2.2L V6 twin- or single-turbo
750-800hp
Engine lease price of $695,000 per season (bargain!)
Indycar specifies 5 engines per season (which is fine because they are highly reliable)
Bernie would be pleased to attract the might of General Motors to F1. While competition at the Indy500 would be a boon for Mercedes and Ferrari.
I understand where you're coming from and there is some merit in the suggestion.
The problem with the current F1 regulations is that on one hand the FIA want "modern" relatively fuel-efficient Hybrid Power Units which are incredibly expensive to design, produce and perfect. On the other hand, they want cost reduction. (Whoever thought the two wouldn't be mutually exclusive should try using their second brain cell.)
Then, in order to prevent a PU development war and contain costs, they've created an artificial restriction on development that largely prevents any engine manufacturer catching up if they didn't get it right first time.
Would an athlete accept some one telling them they're not allowed to train harder to catch the guy who beat them last time? Of course not.
Even when Red Bull were dominating, there were no rules in place that prevented other teams from catching up. Now there are.
This token stuff is bullsh*t.
I think Mercedes have done a great job and deserve success, but the way the rules are currently implemented is at odds with notion of open competition.
F1 should be the pinnacle of engineering and if they want to pretend to be "green", then they should implement a formula that promotes innovation and efficiency.
Take a leaf out of WEC's book. Give them X joules of energy for the race with a maximum energy consumption rate (to prevent qualifying monsters) and leave the rest to the engineers.

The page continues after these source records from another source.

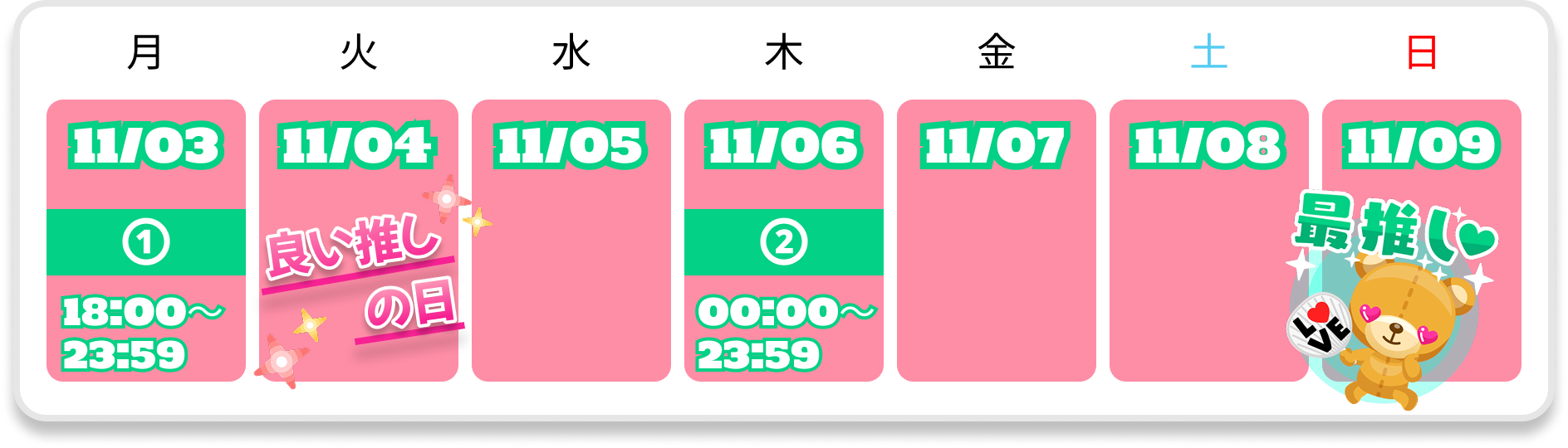 11月4日は「いい推しの日」 推しがいて、推せる時間がある——そんな“当たり前”は、実はとても特別なこと。 この1週間は、「推し」への感謝と愛を伝える特別WEEK! “今、推せる”ことに改めて感謝する1週間! ライバーさんは、リスナーさんへの想いを言葉や配信で届けて、 リスナーさんは、推しへの「ありがとう」をギフトやコメントで伝えよう♡ ※本イベントはSHOWROOM AWARD 2025関連イベントとなります。
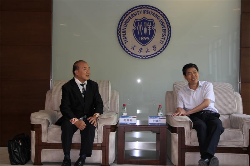 毛庭安将纪念中泰建交36周年的纪念书籍《泰中桥梁》赠送给母校,刘建平回赠天津大学纪念邮票册,并邀请他明年出席天津大学120周年校庆。
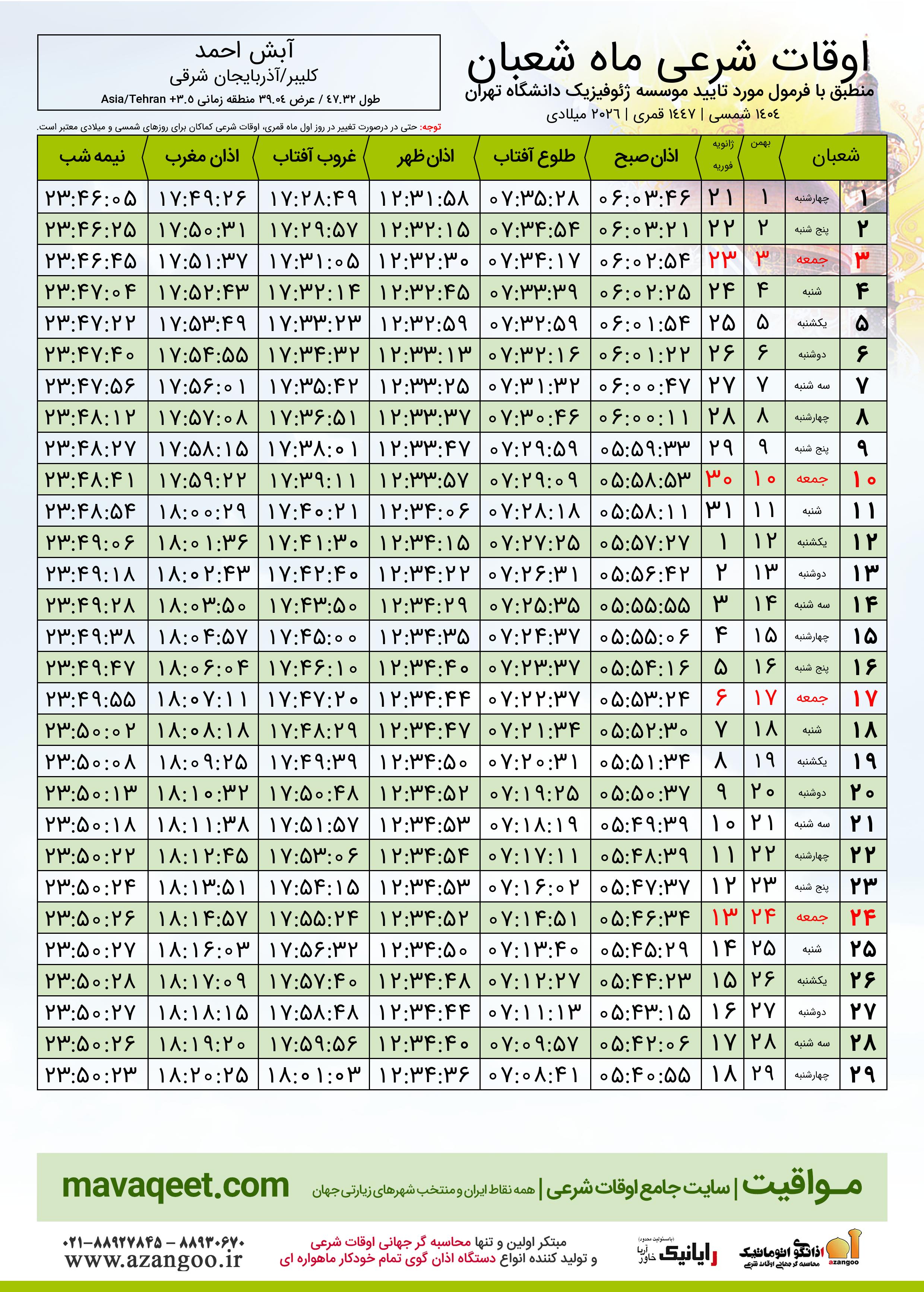 اوقات شرعی ماه شعبان ١٤٤٧ هـ.ق شهر آبش احمد بر

The PU could be turbo or NA, any number of cylinders, any size, and with any size energy store. The only restriction is that the PU (batteries excluded) must fit within a "box" of specific physical dimensions and it must have standard pick-up points to enable it to become a stressed chassis member and be adaptable to different chassis. The PU must be available to multiple teams and at a price not exceeding X dollars/Euros/Pounds, etc.
The Indycar engine route addresses some of the issues, but it's still "more of the same" and corrals innovation down a certain (potentially blinkered) path.
I dislike the current restrictive F1 engine formula, but trading it for "just another type of engine" does little for technical advancement or innovation.
Edited by Redback, 18 March 2015 - 08:22.